> **Exercise aim**:
Search the records for the string "your" and copy every line in which it appears.

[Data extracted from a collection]
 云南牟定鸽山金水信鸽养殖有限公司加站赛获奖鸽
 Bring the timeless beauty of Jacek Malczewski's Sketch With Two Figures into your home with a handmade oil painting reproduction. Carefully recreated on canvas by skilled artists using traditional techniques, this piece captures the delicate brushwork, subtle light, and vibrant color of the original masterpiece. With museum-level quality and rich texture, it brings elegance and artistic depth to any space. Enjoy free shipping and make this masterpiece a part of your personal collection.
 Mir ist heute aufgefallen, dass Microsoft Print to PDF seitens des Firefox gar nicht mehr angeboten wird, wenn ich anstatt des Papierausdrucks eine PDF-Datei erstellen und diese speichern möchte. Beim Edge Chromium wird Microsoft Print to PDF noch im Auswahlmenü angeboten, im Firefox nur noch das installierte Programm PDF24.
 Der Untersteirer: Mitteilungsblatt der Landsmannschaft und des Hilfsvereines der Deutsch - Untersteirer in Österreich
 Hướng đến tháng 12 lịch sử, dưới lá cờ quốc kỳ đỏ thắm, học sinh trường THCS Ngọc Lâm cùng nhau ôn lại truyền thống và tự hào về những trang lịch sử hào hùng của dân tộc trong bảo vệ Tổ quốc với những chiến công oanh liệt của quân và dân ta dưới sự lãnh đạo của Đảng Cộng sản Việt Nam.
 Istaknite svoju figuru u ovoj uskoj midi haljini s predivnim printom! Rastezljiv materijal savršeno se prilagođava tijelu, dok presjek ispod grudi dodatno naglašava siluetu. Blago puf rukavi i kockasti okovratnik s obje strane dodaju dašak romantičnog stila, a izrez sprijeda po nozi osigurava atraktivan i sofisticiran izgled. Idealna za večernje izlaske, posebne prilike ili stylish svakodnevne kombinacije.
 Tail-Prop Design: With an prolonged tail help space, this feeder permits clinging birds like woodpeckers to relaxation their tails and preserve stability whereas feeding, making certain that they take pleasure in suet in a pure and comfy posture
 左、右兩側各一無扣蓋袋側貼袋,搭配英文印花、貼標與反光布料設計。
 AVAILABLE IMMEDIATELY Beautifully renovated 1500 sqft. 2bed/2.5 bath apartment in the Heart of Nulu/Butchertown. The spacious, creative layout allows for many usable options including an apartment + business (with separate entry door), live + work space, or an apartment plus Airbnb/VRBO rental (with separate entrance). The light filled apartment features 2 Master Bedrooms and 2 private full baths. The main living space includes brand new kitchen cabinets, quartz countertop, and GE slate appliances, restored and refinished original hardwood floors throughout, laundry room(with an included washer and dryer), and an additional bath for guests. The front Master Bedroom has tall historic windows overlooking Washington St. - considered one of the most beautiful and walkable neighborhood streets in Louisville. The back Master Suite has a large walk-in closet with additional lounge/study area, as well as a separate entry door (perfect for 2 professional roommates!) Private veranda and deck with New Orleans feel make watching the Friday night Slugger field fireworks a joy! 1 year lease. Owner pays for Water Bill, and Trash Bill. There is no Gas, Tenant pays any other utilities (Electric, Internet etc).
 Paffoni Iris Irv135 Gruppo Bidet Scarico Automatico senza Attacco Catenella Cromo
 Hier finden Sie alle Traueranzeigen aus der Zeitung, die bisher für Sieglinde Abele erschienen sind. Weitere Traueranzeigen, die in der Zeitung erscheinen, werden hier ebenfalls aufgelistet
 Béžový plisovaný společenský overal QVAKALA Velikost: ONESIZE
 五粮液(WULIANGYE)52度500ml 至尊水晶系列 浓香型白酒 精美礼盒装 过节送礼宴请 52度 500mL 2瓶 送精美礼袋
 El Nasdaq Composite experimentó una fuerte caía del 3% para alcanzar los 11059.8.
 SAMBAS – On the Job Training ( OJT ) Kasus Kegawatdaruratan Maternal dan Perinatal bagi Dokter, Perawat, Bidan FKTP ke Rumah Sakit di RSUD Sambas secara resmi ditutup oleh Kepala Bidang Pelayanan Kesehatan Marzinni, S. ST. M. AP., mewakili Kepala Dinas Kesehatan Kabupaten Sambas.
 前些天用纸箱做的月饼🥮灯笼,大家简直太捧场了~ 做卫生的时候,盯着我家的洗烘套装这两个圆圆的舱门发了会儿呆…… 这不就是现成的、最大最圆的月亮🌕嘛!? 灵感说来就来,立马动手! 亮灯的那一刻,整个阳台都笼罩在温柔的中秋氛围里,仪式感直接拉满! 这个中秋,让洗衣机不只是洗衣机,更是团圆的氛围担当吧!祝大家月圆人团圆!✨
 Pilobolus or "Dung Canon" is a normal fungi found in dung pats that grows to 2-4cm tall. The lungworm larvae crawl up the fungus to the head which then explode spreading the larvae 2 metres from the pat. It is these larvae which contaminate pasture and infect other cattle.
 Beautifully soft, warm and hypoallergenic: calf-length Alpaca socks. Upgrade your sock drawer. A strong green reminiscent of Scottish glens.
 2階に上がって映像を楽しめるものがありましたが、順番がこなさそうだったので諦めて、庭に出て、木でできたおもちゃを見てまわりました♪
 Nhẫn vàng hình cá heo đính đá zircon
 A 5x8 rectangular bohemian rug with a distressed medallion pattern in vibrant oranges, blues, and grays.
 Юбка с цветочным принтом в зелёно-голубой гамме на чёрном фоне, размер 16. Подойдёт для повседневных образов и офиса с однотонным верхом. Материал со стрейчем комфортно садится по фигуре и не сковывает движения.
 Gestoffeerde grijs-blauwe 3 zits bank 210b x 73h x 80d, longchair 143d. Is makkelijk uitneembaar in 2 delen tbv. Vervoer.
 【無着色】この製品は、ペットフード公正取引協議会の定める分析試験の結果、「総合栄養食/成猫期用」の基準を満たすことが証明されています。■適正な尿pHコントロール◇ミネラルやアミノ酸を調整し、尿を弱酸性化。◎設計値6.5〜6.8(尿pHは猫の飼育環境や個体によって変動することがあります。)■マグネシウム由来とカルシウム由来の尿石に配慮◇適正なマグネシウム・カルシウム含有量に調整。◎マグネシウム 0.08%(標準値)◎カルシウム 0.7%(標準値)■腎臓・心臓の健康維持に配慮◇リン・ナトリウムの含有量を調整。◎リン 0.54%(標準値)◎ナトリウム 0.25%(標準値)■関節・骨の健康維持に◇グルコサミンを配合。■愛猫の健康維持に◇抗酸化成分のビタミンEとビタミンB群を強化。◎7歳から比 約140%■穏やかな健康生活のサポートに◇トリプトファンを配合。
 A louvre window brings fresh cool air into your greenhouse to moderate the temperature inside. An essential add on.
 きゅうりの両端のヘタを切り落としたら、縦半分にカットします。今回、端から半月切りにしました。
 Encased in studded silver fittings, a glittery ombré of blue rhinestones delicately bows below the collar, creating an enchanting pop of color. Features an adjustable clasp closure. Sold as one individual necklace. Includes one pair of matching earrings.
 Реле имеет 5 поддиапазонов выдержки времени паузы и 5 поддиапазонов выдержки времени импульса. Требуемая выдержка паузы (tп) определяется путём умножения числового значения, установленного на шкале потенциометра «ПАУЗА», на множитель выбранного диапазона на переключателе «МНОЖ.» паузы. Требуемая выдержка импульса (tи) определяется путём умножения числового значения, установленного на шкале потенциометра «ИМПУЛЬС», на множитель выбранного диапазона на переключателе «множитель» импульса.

> **Solution to this task**:
 Bring the timeless beauty of Jacek Malczewski's Sketch With Two Figures into your home with a handmade oil painting reproduction. Carefully recreated on canvas by skilled artists using traditional techniques, this piece captures the delicate brushwork, subtle light, and vibrant color of the original masterpiece. With museum-level quality and rich texture, it brings elegance and artistic depth to any space. Enjoy free shipping and make this masterpiece a part of your personal collection.
 Beautifully soft, warm and hypoallergenic: calf-length Alpaca socks. Upgrade your sock drawer. A strong green reminiscent of Scottish glens.
 A louvre window brings fresh cool air into your greenhouse to moderate the temperature inside. An essential add on.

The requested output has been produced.